Kosovo
One of the smallest countries in Europe – and its newest. Following years of struggle, and a full-blown war in 1998/99 that prompted a NATO intervention, the small Balkan territory declared its independence in 2008. Yet about half of the UN member states do not yet recognize Kosovo as a state, not least Serbia, from which Kosovo seceded, nor Serbia’s big ally Russia.

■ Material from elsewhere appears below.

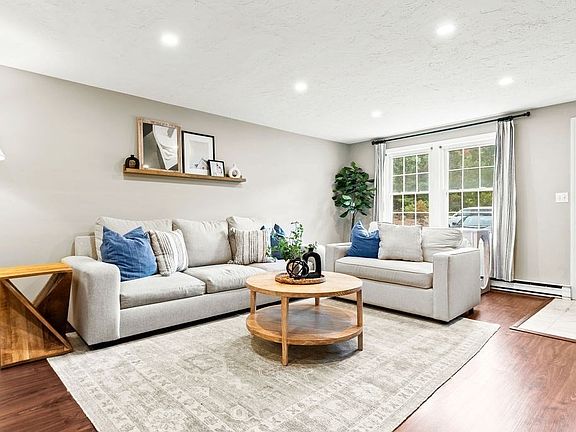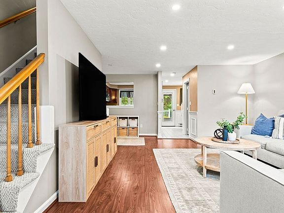 NORTON -- Located in desirable Stage Coach Village, this beautifully maintained townhouse offers 2 bedrooms, 1.5 baths, and two deeded parking spots plus guest parking. The large living room flows into an updated kitchen with a breakfast bar and dining area. Upstairs, two spacious bedrooms share a full bath with convenient second-floor laundry. A partially finished basement provides additional living space, currently being used as a primary suite but ideal for a family room. A newer composite deck overlooks your private, wooded backyard. Further updates include a new hot water tank in 2023, custom blinds, recessed lighting, and replacement windows. Close to highways, train stations, and the Mansfield/Norton Rail Trail. It's the turn-key condo you've been waiting for!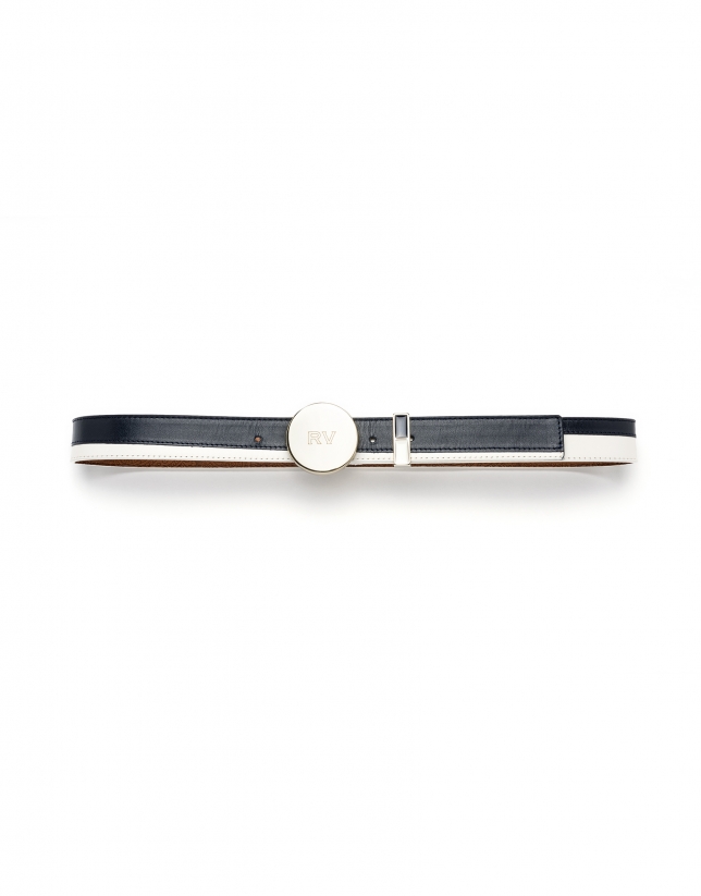 Cinturón confeccionado en piel vacuno lisa bicolor azul/blanco, hebilla metálica en oro chiaro con logo RV grabado. Ancho 3 cm.

This struggle for independence – and the sacrifices made for this cause along the way – also form the core of the dark-tourism appeal of the territory. These are the individual places covered in stand-alone chapters on this website:
- Pristina
- Prekaz
In addition there are numerous further sites related to Kosovo’s turbulent post-Yugoslav history and the Kosovo War. We passed several monuments commemorating episodes of that conflict as well as war cemeteries on our driver-guided tour of Mitrovica and Prekaz; the most remarkable of these was roughly halfway between those two places in a rural roadside location (Google Maps locator: [42.8042, 20.8076]). Its distinguishing feature is the large recreation of a black Albanian eagle with its wings spread some ten metres wide above a set of Kosovo Liberation Army (KLA) graves. At the back of the site is a socialist-era car wreck and some other debris. Most of the countless other monuments we passed were far less remarkable than this one, so I won’t detail any of them any further.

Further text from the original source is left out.